What This Means to You

Your apps can continue to use these services for now; we want to give you ample time to consider, and implement other options for your apps before we retire the services. The following sections outline our phased MBaaS retirement plan.

Immediate Changes

Starting today, for apps that do not have any of the retired services configured, we removed each from the App Center portal UI. For any apps configured for Auth, Data, or Push, we implemented a migration experience in the portal to walk you through the process of moving from the retired services. For these customers, we recommend the following:

In an upcoming App Center SDK release, we will remove the Auth and Data SDKs. The App Center Auth and Data services will continue to operate until May 3, 2020, to give customers time to migrate to another solution.

Since App Center Push has more sophisticated backend requirements and more complex migration steps, Push will remain available longer to give customers additional time to complete their migration to a different service.

For more information on how to migrate to a corresponding Azure service, please refer to the migration guides for Auth, Data, and Push.

May 3, 2020

After this date, the Auth and Data services will no longer be available in the App Center portal; the services may continue to operate for a short while after this date, but you will not be able to interact with either service using the App Center portal UI.
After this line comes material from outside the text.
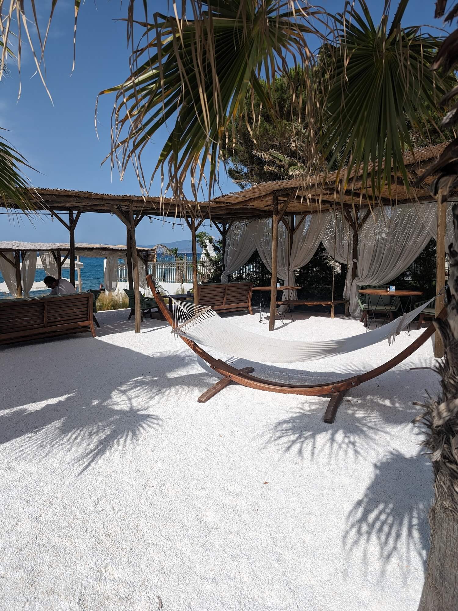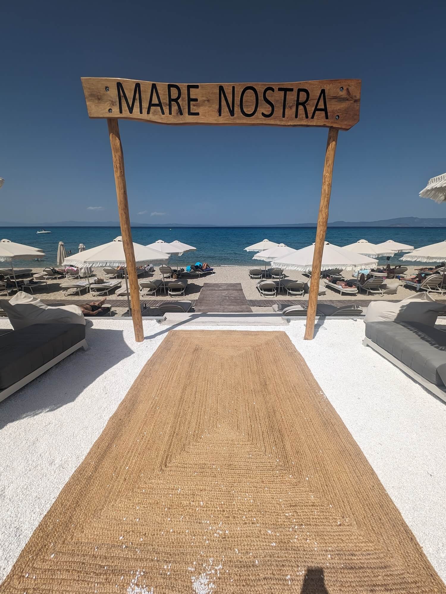 Mare Nostra is one of the one of the famous beach bars in Kassandra. Just turning that corner from the car park and seeing the chairs, hammocks and sun loungers set out was pretty special. Mare Nostra is exactly the kinda place I want to be when I’m on holiday!

App Center Push Retirement Timeline

Microsoft is committed to providing the best notification offering possible and we think the best way to do this is to focus our efforts on a single offering in Azure Notification Hubs. We know many of you value the unique features unique to App Center Push and we want to offer similar capabilities in Azure Notification Hubs. With that in mind, we’re working to create a transition plan which causes the least disruption to our existing customers as they move to Azure Notification Hubs.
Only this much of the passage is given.